The key to perfection, or as I like to call it, “being like me”, is simple.  Follow the simple rules god put forth and which no longer are even known.  Well, except for me.  Write your own ten commandments and then, in order, break them all.  God must forgive even me, a necrophiliac paedophile, so you know you’ll be OK.  Thank you for your time, oh esteemed ones, and thank you for my pathetic life, oh Old Ones.  Put on the wolf’s head and go find a fucking sheep.

by Joseph Vanucchi

104. Disembowled

“Damnation!” shouted Thertin, shaking bile and viscera from his fingers. “I’m telling you,” continued Thertin, “it’s not here. I’ve been searching through his guts for an hour now.”
“Then you’ll look for another hour,” I said, “we’re going to search through every inch of him, and if it turns out that it has left his possession, so to speak, then we’ll empty his chamber pot too.”
“Why don’t you dig around his guts for a while?” he asked.
“Because I was the one who stole the jewels,” I replied, “and you are the fool who got greedy and tried to cheat us all. You were to keep the box safe, not try to pry it open, and if you hadn’t threatened Greeger he wouldn’t have swallowed the damn Key. Now dig.” The dawn was peaking over the hills by the time I heard Thertin give a whoop of triumph, clutching the shit-stained key in his hand, grinning like the idiot he was. I stood up from my seat on the box.
“Open it.” I said. Thertin hurriedly scrambled over, fumbling the key in the lock. The look on his face was almost priceless when he looked inside.
“Wha- it’s empty!” he said.
“Not for long,” I replied. He continued to stare dumbly at the box as my sword severed his head, falling in the box. I deposited Greeger’s head there too. Sadly the thieves had already sold most of the jewels, I’d report, but I was able to recover the princesses necklace. The jewels would keep me fed a few years, but the knighthood for the thieves heads and the necklace? That would keep me set for life.

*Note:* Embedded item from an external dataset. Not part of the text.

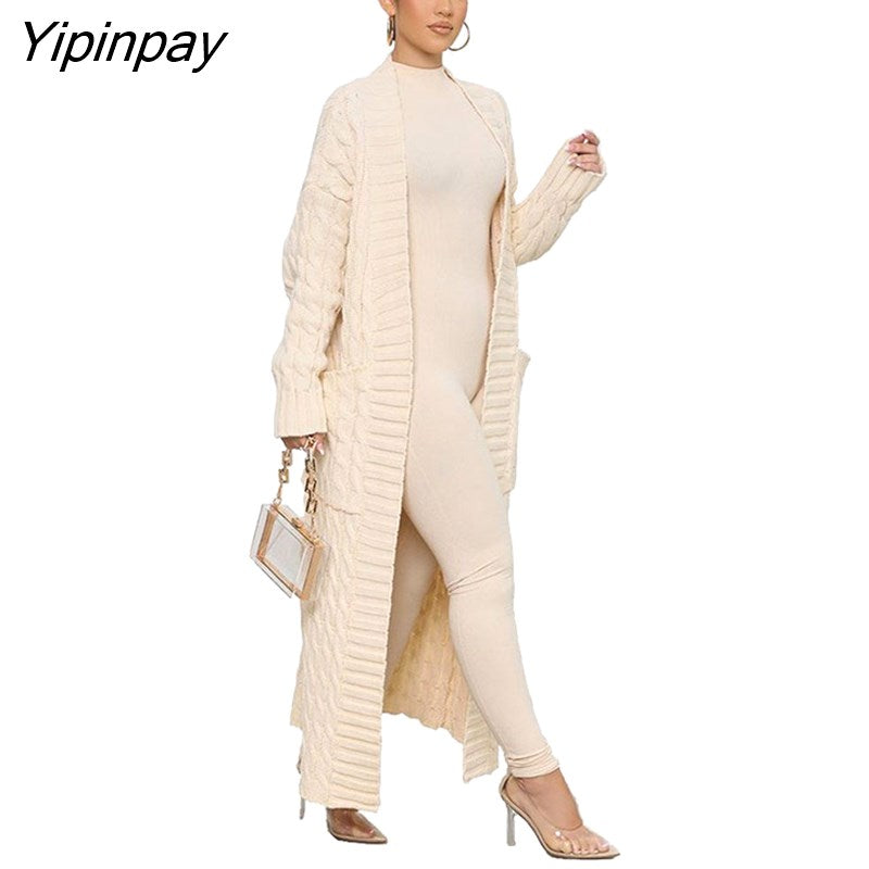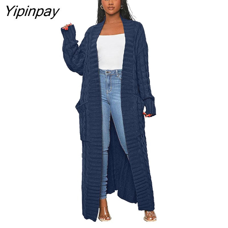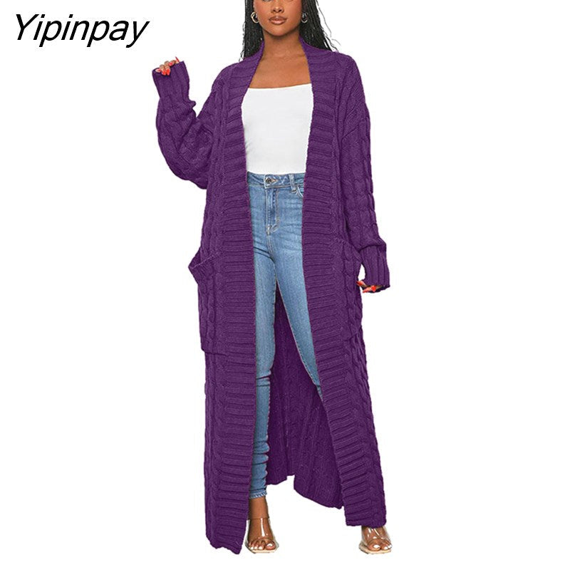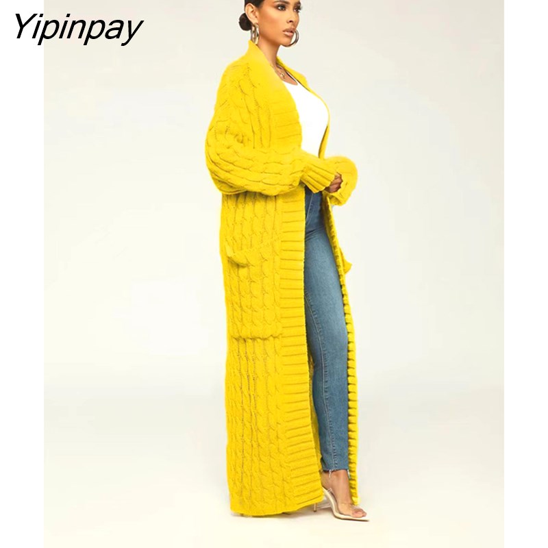 Yipinpay Women's Oversize Cashmere Cardigans Female Solid Dropped Shoulder Sleeves Knitted Sweaters Winter Loose High Street Cardigans

I make no pretensions as to being the better man, but I do pride myself on being the better liar.

by Gareth McAlpin

105. Happily ever after

‘The key to unlocking the heart of a princess and opening her lips to a true love’s kiss lies in slaying her evil foe in a moment of her greatest despair’, advised old Gregor, the court magician.

Prince Robert thought of his words as he started to relax his clean-shaven, carefully balmed face into an easy smile and took off his helm. The promise of the most powerful magic money could buy was duly delivered as the glimmering light ball soared into the air, meeting the approaching dragon high above, forcing it into a heavy sleep as the distance was rapidly eaten away by its hungry flight. It couldn’t have been as hungry as those peasants were who paid the price, though. Those idiots met their death a lot quicker.  

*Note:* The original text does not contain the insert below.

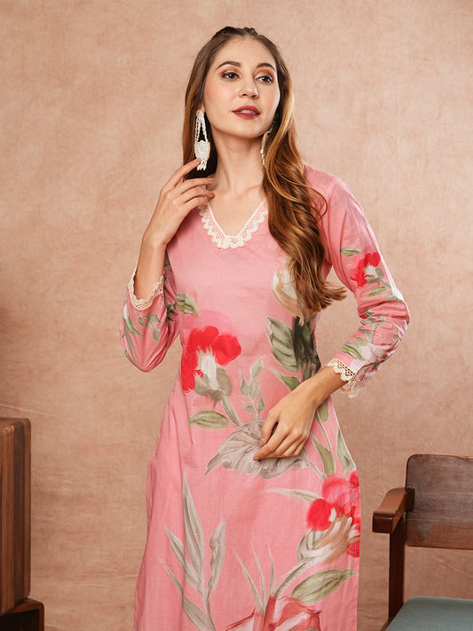 MRP (Inclusive of all taxes)Regular price ₹ 1,199.00₹ 1,199.00 Regular priceUnit price / per₹ 3,599.00Sale priceS M L XL 2XL 3XL 4XL 5XL 6XL add to cartSale{"id":6783443894358,"title":"Floral Printed \u0026 Embroidered A-Line Kurta with Pants - Light Pink","handle":"floral-printed-embroidered-a-line-kurta-with-pants-light-pink","description":"\u003cp data-mce-fragment=\"1\"\u003e\u003cspan style=\"font-weight: 400;\" data-mce-fragment=\"1\" data-mce-style=\"font-weight: 400;\"\u003e\u003c\/span\u003e\u003cspan style=\"font-weight: 400;\" data-mce-fragment=\"1\" data-mce-style=\"font-weight: 400;\"\u003eStyle: Kurta - A-Line, Bottom - Pants\u003c\/span\u003e\u003c\/p\u003e\n\u003cp data-mce-fragment=\"1\"\u003e\u003cspan style=\"font-weight: 400;\" data-mce-fragment=\"1\" data-mce-style=\"font-weight: 400;\"\u003eType: Everyday Wear\u003c\/span\u003e\u003c\/p\u003e\n\u003cp data-mce-fragment=\"1\"\u003e\u003cspan style=\"font-weight: 400;\" data-mce-fragment=\"1\" data-mce-style=\"font-weight: 400;\"\u003eNeckline: Round Neckline\u003c\/span\u003e\u003c\/p\u003e\n\u003cp data-mce-fragment=\"1\"\u003e\u003cspan style=\"font-weight: 400;\" data-mce-fragment=\"1\" data-mce-style=\"font-weight: 400;\"\u003eSleeve Pattern: Regular Sleeves\u003c\/span\u003e\u003c\/p\u003e\n\u003cp data-mce-fragment=\"1\"\u003e\u003cspan style=\"font-weight: 400;\" data-mce-fragment=\"1\" data-mce-style=\"font-weight: 400;\"\u003eSleeve Length: 3\/4th\u003c\/span\u003e\u003c\/p\u003e\n\u003cp data-mce-fragment=\"1\"\u003e\u003cspan style=\"font-weight: 400;\" data-mce-fragment=\"1\" data-mce-style=\"font-weight: 400;\"\u003eProduct Details:\u003c\/span\u003e\u003c\/p\u003e\n\u003cul data-mce-fragment=\"1\"\u003e\n\u003cli data-mce-fragment=\"1\"\u003e\u003cspan style=\"font-weight: 400;\" data-mce-fragment=\"1\" data-mce-style=\"font-weight: 400;\"\u003e A-Line Flare Kurta\u003c\/span\u003e\u003c\/li\u003e\n\u003cli data-mce-fragment=\"1\"\u003e\u003cspan style=\"font-weight: 400;\" data-mce-fragment=\"1\" data-mce-style=\"font-weight: 400;\"\u003e Floral Prints all over\u003c\/span\u003e\u003c\/li\u003e\n\u003cli data-mce-fragment=\"1\"\u003e\u003cspan style=\"font-weight: 400;\" data-mce-fragment=\"1\" data-mce-style=\"font-weight: 400;\"\u003e Hand Embroidered Yoke\u003c\/span\u003e\u003c\/li\u003e\n\u003cli data-mce-fragment=\"1\"\u003e\u003cspan style=\"font-weight: 400;\" data-mce-fragment=\"1\" data-mce-style=\"font-weight: 400;\"\u003e Embellished with Foil Mirror \u0026amp; Zari Detailing \u003c\/span\u003e\u003c\/li\u003e\n\u003cli data-mce-fragment=\"1\"\u003e\u003cspan style=\"font-weight: 400;\" data-mce-fragment=\"1\" data-mce-style=\"font-weight: 400;\"\u003e Floral Hand Work Detailing at Yoke\u003c\/span\u003e\u003c\/li\u003e\n\u003cli data-mce-fragment=\"1\"\u003e\u003cspan style=\"font-weight: 400;\" data-mce-fragment=\"1\" data-mce-style=\"font-weight: 400;\"\u003e Enhanced with Temple Gota Detailing\u003c\/span\u003e\u003c\/li\u003e\n\u003cli data-mce-fragment=\"1\"\u003e\u003cspan style=\"font-weight: 400;\" data-mce-fragment=\"1\" data-mce-style=\"font-weight: 400;\"\u003e Tie-Ups with Tassels at Back Neckline\u003c\/span\u003e\u003c\/li\u003e\n\u003cli data-mce-fragment=\"1\"\u003e\u003cspan style=\"font-weight: 400;\" data-mce-fragment=\"1\" data-mce-style=\"font-weight: 400;\"\u003e Paired with Solid Pants\u003c\/span\u003e\u003c\/li\u003e\n\u003cli data-mce-fragment=\"1\"\u003e\u003cspan style=\"font-weight: 400;\" data-mce-fragment=\"1\" data-mce-style=\"font-weight: 400;\"\u003e Provided with Cross Pockets\u003c\/span\u003e\u003c\/li\u003e\n\u003cli data-mce-fragment=\"1\"\u003e\u003cspan style=\"font-weight: 400;\" data-mce-fragment=\"1\" data-mce-style=\"font-weight: 400;\"\u003e Partially Elasticated Waistline\u003c\/span\u003e\u003c\/li\u003e\n\u003cli data-mce-fragment=\"1\"\u003e\u003cspan style=\"font-weight: 400;\" data-mce-fragment=\"1\" data-mce-style=\"font-weight: 400;\"\u003e Drawstring Closure\u003c\/span\u003e\u003c\/li\u003e\n\u003c\/ul\u003e\n\u003cp data-mce-fragment=\"1\"\u003e\u003cspan style=\"font-weight: 400;\" data-mce-fragment=\"1\" data-mce-style=\"font-weight: 400;\"\u003eModel’s Height: 5’7” ft. Size: Wearing Size S \u003c\/span\u003e\u003c\/p\u003e\n\u003ch1 data-mce-fragment=\"1\"\u003e\u003cspan style=\"font-weight: 400;\" data-mce-fragment=\"1\" data-mce-style=\"font-weight: 400;\"\u003eFabric Details\u003c\/span\u003e\u003c\/h1\u003e\n\u003cp data-mce-fragment=\"1\"\u003e\u003cspan style=\"font-weight: 400;\" data-mce-fragment=\"1\" data-mce-style=\"font-weight: 400;\"\u003eFabric: Kurta - Cotton, Bottom - Cotton\u003c\/span\u003e\u003c\/p\u003e\n\u003cp data-mce-fragment=\"1\"\u003e\u003cspan style=\"font-weight: 400;\" data-mce-fragment=\"1\" data-mce-style=\"font-weight: 400;\"\u003eColour: Kurta - Light Pink, Bottom - Purple\u003c\/span\u003e\u003c\/p\u003e\n\u003cp data-mce-fragment=\"1\"\u003e\u003cspan style=\"font-weight: 400;\" data-mce-fragment=\"1\" data-mce-style=\"font-weight: 400;\"\u003eWash Care: Hand wash in cold water\u003c\/span\u003e\u003c\/p\u003e\n\u003ch1\u003eGarment Measurements\u003c\/h1\u003e\n\u003cp\u003e\u003cstrong\u003eMeasurement (in inches) \u003c\/strong\u003e\u003c\/p\u003e\n\u003cp\u003eLength – 47, Sleeves – 17,\u003c\/p\u003e\n\u003cp\u003eBottom - 39\u003c\/p\u003e\n\u003ch1 data-mce-fragment=\"1\"\u003e\u003cspan data-mce-fragment=\"1\"\u003eProduct Information\u003c\/span\u003e\u003c\/h1\u003e\n\u003cp data-mce-fragment=\"1\"\u003e\u003cspan data-mce-fragment=\"1\"\u003e\u003cstrong\u003eManufactured\/Packed\/Marketed By:\u003c\/strong\u003e\u003cbr\u003e\u003c\/span\u003e\u003cspan data-mce-fragment=\"1\"\u003eFashor Lifestyle Pvt. Ltd.\u003cbr\u003e28\/30, Sudershanpura Industrial Area,\u003cbr\u003eJaipur - 302006.\u003cbr\u003e\u003cstrong\u003eCountry of Origin:\u003c\/strong\u003e India\u003c\/span\u003e\u003c\/p\u003e\n\u003cdiv id=\"gtx-trans\" style=\"position: absolute; left: -34px; to

The prince glanced back at the tower trying to glimpse his lady, screaming for help in the window just a minute ago, lifted his sword and advanced on the unconsciously lying magnificent beast. Every step took him closer to the dream he’d been cradling for this past year or so and he fancied he could already taste the victory in his mouth. Thus when the arrowhead punched through his throat, mixing the flavour with the salty tang of mortality, his eyes widened in disbelief.

He slowly fell to his knees, as the princess ran past him.

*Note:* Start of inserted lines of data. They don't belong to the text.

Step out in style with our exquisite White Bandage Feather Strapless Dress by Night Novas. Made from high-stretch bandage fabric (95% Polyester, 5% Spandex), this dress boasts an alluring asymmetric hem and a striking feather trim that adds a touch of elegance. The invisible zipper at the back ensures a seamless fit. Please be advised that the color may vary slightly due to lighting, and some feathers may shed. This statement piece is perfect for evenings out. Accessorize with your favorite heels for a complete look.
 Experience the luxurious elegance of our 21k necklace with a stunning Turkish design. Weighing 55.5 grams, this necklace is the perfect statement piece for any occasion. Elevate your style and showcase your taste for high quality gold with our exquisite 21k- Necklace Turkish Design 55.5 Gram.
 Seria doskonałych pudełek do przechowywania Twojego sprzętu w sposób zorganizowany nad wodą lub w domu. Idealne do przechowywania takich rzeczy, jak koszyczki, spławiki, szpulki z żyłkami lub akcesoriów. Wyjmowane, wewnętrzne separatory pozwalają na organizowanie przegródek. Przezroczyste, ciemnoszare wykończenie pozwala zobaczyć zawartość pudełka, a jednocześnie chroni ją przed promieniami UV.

‘Gregor, you liar!’ he thought bitterly, watching the fair maiden throwing the crossbow aside and lovingly cradling the monster’s neck, covering the rough scales in gentle kisses. He hated all of them in that moment, as his life and dreams slipped away in ragged breaths from him, but most of all he despised the conspiring magician and his false words. The words whose truth remained constant even as their meaning changed in his eyes.